(Stored data)
*** Begin section ***
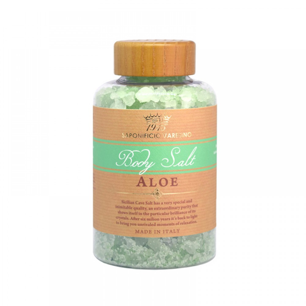 Saponificio Varesino Body Salt Aloe — to naturalna sól kąpielowa renomowanego włoskiego producenta wzbogacona wyciągiem z aloesu.
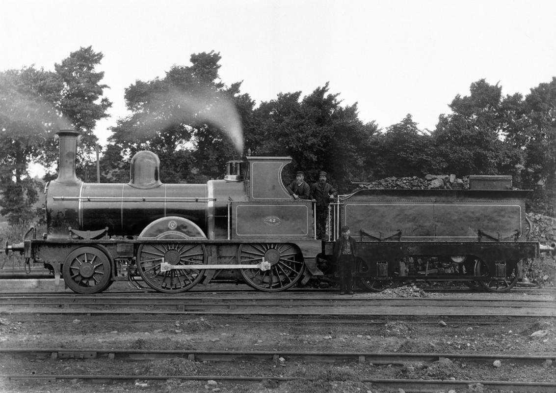 View of two men on footplate of Cambrian Railways locomotive No 37 "Mountaineer" 0-4-05T.
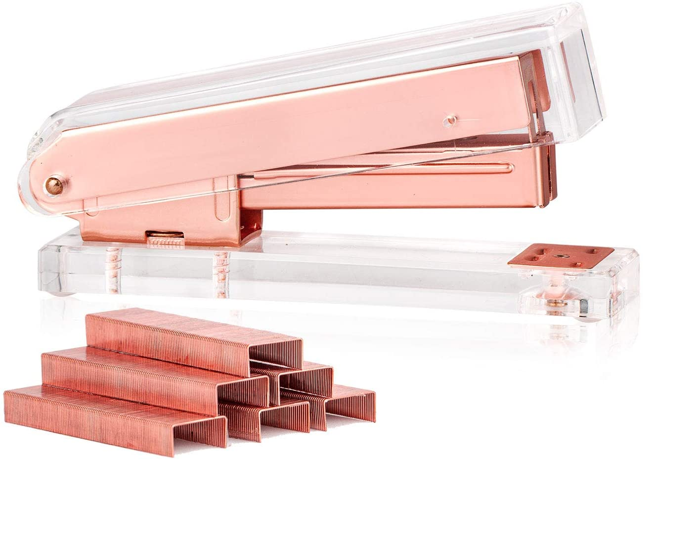 - BRIGHTEN UP YOUR DESK - This beautiful stapler is truly unique for any office supplies and stationery. It has luxury rose gold metal front and ultra transparent clear acrylic body with smooth polished edges. It is visually gorgeous and guaranteed to enhance your office and home workspace.
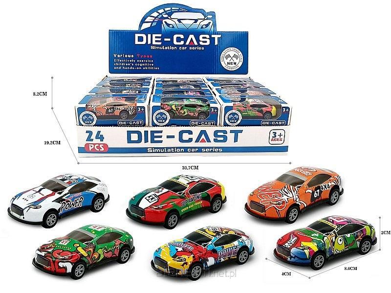 Auto metalowe 8,5x4x2cm, display 24szt; 31x19x8cm, Box
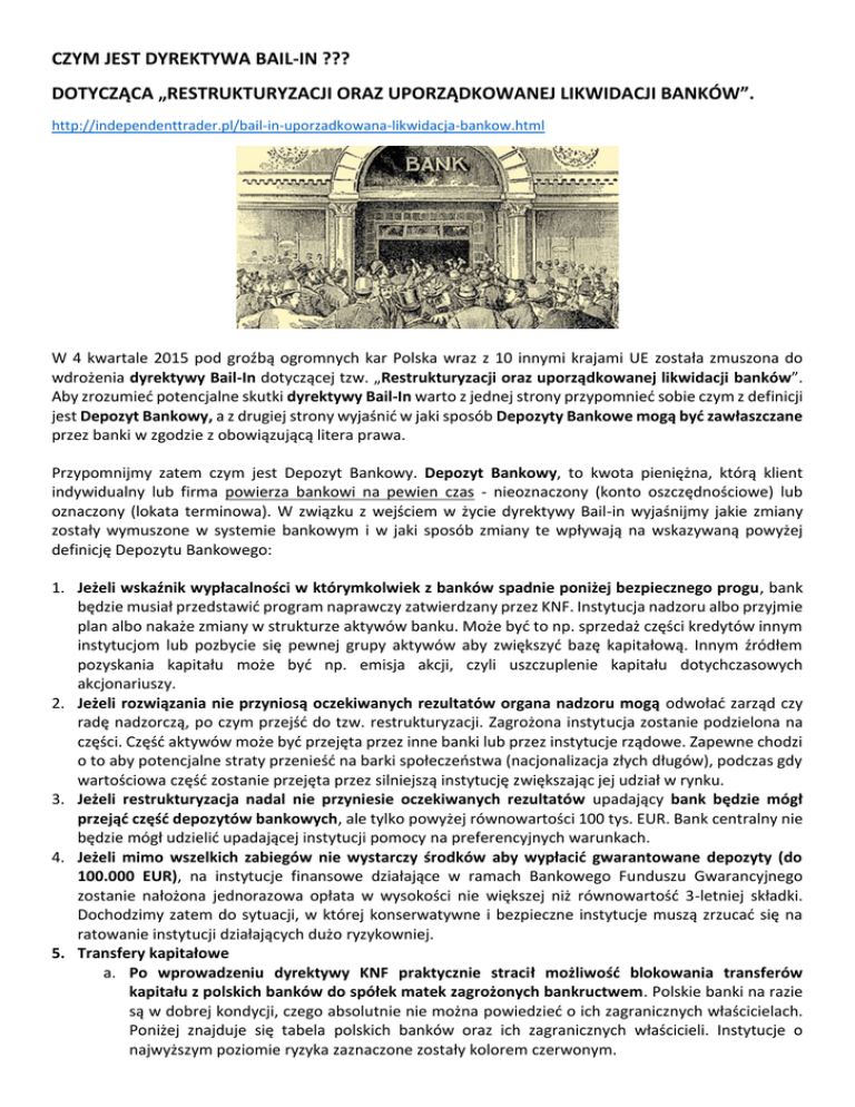 CZYM JEST DYREKTYWA BAIL-IN ??? DOTYCZĄCA „RESTRUKTURYZACJI ORAZ UPORZĄDKOWANEJ LIKWIDACJI BANKÓW”. http://independenttrader.pl/bail-in-uporzadkowana-likwidacja-bankow.html W 4 kwartale 2015 pod groźbą ogromnych kar Polska wraz z 10 innymi krajami UE została zmuszona do wdrożenia dyrektywy Bail-In dotyczącej tzw. „Restrukturyzacji oraz uporządkowanej likwidacji banków”. Aby zrozumieć potencjalne skutki dyrektywy Bail-In warto z jednej strony przypomnieć sobie czym z definicji jest Depozyt Bankowy, a z drugiej strony wyjaśnić w jaki sposób Depozyty Bankowe mogą być zawłaszczane przez banki w zgodzie z obowiązującą litera prawa. Przypomnijmy zatem czym jest Depozyt Bankowy. Depozyt Bankowy, to kwota pieniężna, którą klient indywidualny lub firma powierza bankowi na pewien czas - nieoznaczony (konto oszczędnościowe) lub oznaczony (lokata terminowa). W związku z wejściem w życie dyrektywy Bail-in wyjaśnijmy jakie zmiany zostały wymuszone w systemie bankowym i w jaki sposób zmiany te wpływają na wskazywaną powyżej definicję Depozytu Bankowego: 1. Jeżeli wskaźnik wypłacalności w którymkolwiek z banków spadnie poniżej bezpiecznego progu, bank będzie musiał przedstawić program naprawczy zatwierdzany przez KNF. Instytucja nadzoru albo przyjmie plan albo nakaże zmiany w strukturze aktywów banku. Może być to np. sprzedaż części kredytów innym instytucjom lub pozbycie się pewnej grupy aktywów aby zwiększyć bazę kapitałową. Innym źródłem pozyskania kapitału może być np. emisja akcji, czyli uszczuplenie kapitału dotychczasowych akcjonariuszy. 2. Jeżeli rozwiązania nie przyniosą oczekiwanych rezultatów organa nadzoru mogą odwołać zarząd czy radę nadzorczą, po czym przejść do tzw. restrukturyzacji. Zagrożona instytucja zostanie podzielona na części. Część aktywów może być przejęta przez inne banki lub przez instytucje rządowe. Zapewne chodzi o to aby potencjalne straty przenieść na barki społeczeństwa (nacjonalizacja złych długów), podczas gdy wartościowa część zostanie przejęta przez silniejszą instytucję zwiększając jej udział w rynku. 3. Jeżeli restrukturyzacja nadal nie przyniesie oczekiwanych rezultatów upadający bank będzie mógł przejąć część depozytów bankowych, ale tylko powyżej równowartości 100 tys. EUR. Bank centralny nie będzie mógł udzielić upadającej instytucji pomocy na preferencyjnych warunkach. 4. Jeżeli mimo wszelkich zabiegów nie wystarczy środków aby wypłacić gwarantowane depozyty (do 100.000 EUR), na instytucje finansowe działające w ramach Bankowego Funduszu Gwarancyjnego zostanie nałożona jednorazowa opłata w wysokości nie większej niż równowartość 3-letniej składki. Dochodzimy zatem do sytuacji, w której konserwatywne i bezpieczne instytucje muszą zrzucać się na ratowanie instytucji działających dużo ryzykowniej. 5. Transfery kapitałowe a. Po wprowadzeniu dyrektywy KNF praktycznie stracił możliwość blokowania transferów kapitału z polskich banków do spółek matek zagrożonych bankructwem. Polskie banki na razie są w dobrej kondycji, czego absolutnie nie można powiedzieć o ich zagranicznych właścicielach. Poniżej znajduje się tabela polskich banków oraz ich zagranicznych właścicieli. Instytucje o najwyższym poziomie ryzyka zaznaczone zostały kolorem czerwonym. 6. 7. 8. 9. b. Mimo iż kondycja Pekao, BZWBK, Millenium czy BPH jest relatywnie dobra, to w myśl nowego ustawodawstwa każdy z tych banków będzie mógł zostać w krótkim czasie wydrenowany z gotówki w imię ratowania centralni. KNF nie będzie miał narzędzi aby taki transfer zablokować tak długo, jak polskie banki będą spełniały wymogi kapitałowe. Ochrona Europejskiego Banku Centralnego. Do tej pory, gdy banki z południa Europy miały problem z płynnością zaciągały kredyt w banku centralnym lub odsprzedawały mu w cenie nominalnej bezwartościowe aktywa (niespłacalne kredyty lub śmieciowe obligacje). Dzięki temu EBC przejmował zobowiązania banków komercyjnych, co z kolei dawało czytelny sygnał - prowadźcie ryzykowną politykę, bo i tak Was wyratujemy. Obecne zmiany mają na celu oczyszczenie sytuacji. Z drugiej strony, kondycja EBC może być na tyle zła, że nie jest on w stanie przejąć więcej toksycznych aktywów. Przekazanie Brukseli resztek suwerenności. Jeszcze do niedawna nadzór nad krajowym system bankowym sprawował KNF. Mimo iż można zarzucić mu wiele błędów, to nasz system na tle innych krajów jest naprawdę w niezłej kondycji. Godząc się na wprowadzenie dyrektywy przekazujemy nadzór nad naszym systemem bankowym w ręce instytucji, które absolutnie nie są w stanie podnieść poziomu bezpieczeństwa. Chodzi wyłącznie o zwiększenie poziomu centralizacji przy podejmowaniu kluczowych decyzji. Podsumowanie. Wprowadzenie dyrektywy, na którą tak silnie naciskała Komisja Europejska nie ma nic wspólnego z podniesieniem bezpieczeństwa w systemie bankowym, a przynajmniej nie w Polsce. Pozwala ona bowiem na szybkie wydrenowanie krajowych banków z kapitału, byleby tylko nie dopuścić do upadku którejkolwiek z ważniejszych zdaniem UE instytucji finansowych. Poważnym problemem jest także oddanie nadzoru nad bankami w ręce biurokratów z Brukseli. Zgodnie z nowym prawem, jeżeli lokalny bank wpadnie w problemy, to unijny nadzór może odwołać zarząd oraz nakazać sprzedaż wartościowych aktywów innej grupie bankowej, co z kolei zwiększy konsolidację w systemie. Mniejsza ilość banków mających jednocześnie duży udział znacznie podnosi ryzyko systemowe. Jeżeli chodzi o strukturę systemu bankowego w Europie, to niestety zmierzamy w kierunku nakreślonym przez USA, gdzie 5 największych banków ma 80% udział w rynku. Na koniec warto się odnieść do samej gwarancji 100.000 euro. a. Załóżmy, że upada średniej wielkości bank na południu Europy. b. Jego zarząd ma wyb
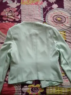 Moderno saco verde menta. Talla EX, color verde menta, cierre en mangas y bolsas
*** End section ***
Your goal. Would you copy out every entry above word for word, without the pictures?

Response to the task.
 Saponificio Varesino Body Salt Aloe — to naturalna sól kąpielowa renomowanego włoskiego producenta wzbogacona wyciągiem z aloesu.
 View of two men on footplate of Cambrian Railways locomotive No 37 "Mountaineer" 0-4-05T.
 - BRIGHTEN UP YOUR DESK - This beautiful stapler is truly unique for any office supplies and stationery. It has luxury rose gold metal front and ultra transparent clear acrylic body with smooth polished edges. It is visually gorgeous and guaranteed to enhance your office and home workspace.
 Auto metalowe 8,5x4x2cm, display 24szt; 31x19x8cm, Box
 CZYM JEST DYREKTYWA BAIL-IN ??? DOTYCZĄCA „RESTRUKTURYZACJI ORAZ UPORZĄDKOWANEJ LIKWIDACJI BANKÓW”. http://independenttrader.pl/bail-in-uporzadkowana-likwidacja-bankow.html W 4 kwartale 2015 pod groźbą ogromnych kar Polska wraz z 10 innymi krajami UE została zmuszona do wdrożenia dyrektywy Bail-In dotyczącej tzw. „Restrukturyzacji oraz uporządkowanej likwidacji banków”. Aby zrozumieć potencjalne skutki dyrektywy Bail-In warto z jednej strony przypomnieć sobie czym z definicji jest Depozyt Bankowy, a z drugiej strony wyjaśnić w jaki sposób Depozyty Bankowe mogą być zawłaszczane przez banki w zgodzie z obowiązującą litera prawa. Przypomnijmy zatem czym jest Depozyt Bankowy. Depozyt Bankowy, to kwota pieniężna, którą klient indywidualny lub firma powierza bankowi na pewien czas - nieoznaczony (konto oszczędnościowe) lub oznaczony (lokata terminowa). W związku z wejściem w życie dyrektywy Bail-in wyjaśnijmy jakie zmiany zostały wymuszone w systemie bankowym i w jaki sposób zmiany te wpływają na wskazywaną powyżej definicję Depozytu Bankowego: 1. Jeżeli wskaźnik wypłacalności w którymkolwiek z banków spadnie poniżej bezpiecznego progu, bank będzie musiał przedstawić program naprawczy zatwierdzany przez KNF. Instytucja nadzoru albo przyjmie plan albo nakaże zmiany w strukturze aktywów banku. Może być to np. sprzedaż części kredytów innym instytucjom lub pozbycie się pewnej grupy aktywów aby zwiększyć bazę kapitałową. Innym źródłem pozyskania kapitału może być np. emisja akcji, czyli uszczuplenie kapitału dotychczasowych akcjonariuszy. 2. Jeżeli rozwiązania nie przyniosą oczekiwanych rezultatów organa nadzoru mogą odwołać zarząd czy radę nadzorczą, po czym przejść do tzw. restrukturyzacji. Zagrożona instytucja zostanie podzielona na części. Część aktywów może być przejęta przez inne banki lub przez instytucje rządowe. Zapewne chodzi o to aby potencjalne straty przenieść na barki społeczeństwa (nacjonalizacja złych długów), podczas gdy wartościowa część zostanie przejęta przez silniejszą instytucję zwiększając jej udział w rynku. 3. Jeżeli restrukturyzacja nadal nie przyniesie oczekiwanych rezultatów upadający bank będzie mógł przejąć część depozytów bankowych, ale tylko powyżej równowartości 100 tys. EUR. Bank centralny nie będzie mógł udzielić upadającej instytucji pomocy na preferencyjnych warunkach. 4. Jeżeli mimo wszelkich zabiegów nie wystarczy środków aby wypłacić gwarantowane depozyty (do 100.000 EUR), na instytucje finansowe działające w ramach Bankowego Funduszu Gwarancyjnego zostanie nałożona jednorazowa opłata w wysokości nie większej niż równowartość 3-letniej składki. Dochodzimy zatem do sytuacji, w której konserwatywne i bezpieczne instytucje muszą zrzucać się na ratowanie instytucji działających dużo ryzykowniej. 5. Transfery kapitałowe a. Po wprowadzeniu dyrektywy KNF praktycznie stracił możliwość blokowania transferów kapitału z polskich banków do spółek matek zagrożonych bankructwem. Polskie banki na razie są w dobrej kondycji, czego absolutnie nie można powiedzieć o ich zagranicznych właścicielach. Poniżej znajduje się tabela polskich banków oraz ich zagranicznych właścicieli. Instytucje o najwyższym poziomie ryzyka zaznaczone zostały kolorem czerwonym. 6. 7. 8. 9. b. Mimo iż kondycja Pekao, BZWBK, Millenium czy BPH jest relatywnie dobra, to w myśl nowego ustawodawstwa każdy z tych banków będzie mógł zostać w krótkim czasie wydrenowany z gotówki w imię ratowania centralni. KNF nie będzie miał narzędzi aby taki transfer zablokować tak długo, jak polskie banki będą spełniały wymogi kapitałowe. Ochrona Europejskiego Banku Centralnego. Do tej pory, gdy banki z południa Europy miały problem z płynnością zaciągały kredyt w banku centralnym lub odsprzedawały mu w cenie nominalnej bezwartościowe aktywa (niespłacalne kredyty lub śmieciowe obligacje). Dzięki temu EBC przejmował zobowiązania banków komercyjnych, co z kolei dawało czytelny sygnał - prowadźcie ryzykowną politykę, bo i tak Was wyratujemy. Obecne zmiany mają na celu oczyszczenie sytuacji. Z drugiej strony, kondycja EBC może być na tyle zła, że nie jest on w stanie przejąć więcej toksycznych aktywów. Przekazanie Brukseli resztek suwerenności. Jeszcze do niedawna nadzór nad krajowym system bankowym sprawował KNF. Mimo iż można zarzucić mu wiele błędów, to nasz system na tle innych krajów jest naprawdę w niezłej kondycji. Godząc się na wprowadzenie dyrektywy przekazujemy nadzór nad naszym systemem bankowym w ręce instytucji, które absolutnie nie są w stanie podnieść poziomu bezpieczeństwa. Chodzi wyłącznie o zwiększenie poziomu centralizacji przy podejmowaniu kluczowych decyzji. Podsumowanie. Wprowadzenie dyrektywy, na którą tak silnie naciskała Komisja Europejska nie ma nic wspólnego z podniesieniem bezpieczeństwa w systemie bankowym, a przynajmniej nie w Polsce. Pozwala ona bowiem na szybkie wydrenowanie krajowych banków z kapitału, byleby tylko nie dopuścić do upadku którejkolwiek z ważniejszych zdaniem UE instytucji finansowych. Poważnym problemem jest także oddanie nadzoru nad bankami w ręce biurokratów z Brukseli. Zgodnie z nowym prawem, jeżeli lokalny bank wpadnie w problemy, to unijny nadzór może odwołać zarząd oraz nakazać sprzedaż wartościowych aktywów innej grupie bankowej, co z kolei zwiększy konsolidację w systemie. Mniejsza ilość banków mających jednocześnie duży udział znacznie podnosi ryzyko systemowe. Jeżeli chodzi o strukturę systemu bankowego w Europie, to niestety zmierzamy w kierunku nakreślonym przez USA, gdzie 5 największych banków ma 80% udział w rynku. Na koniec warto się odnieść do samej gwarancji 100.000 euro. a. Załóżmy, że upada średniej wielkości bank na południu Europy. b. Jego zarząd ma wyb
 Moderno saco verde menta. Talla EX, color verde menta, cierre en mangas y bolsas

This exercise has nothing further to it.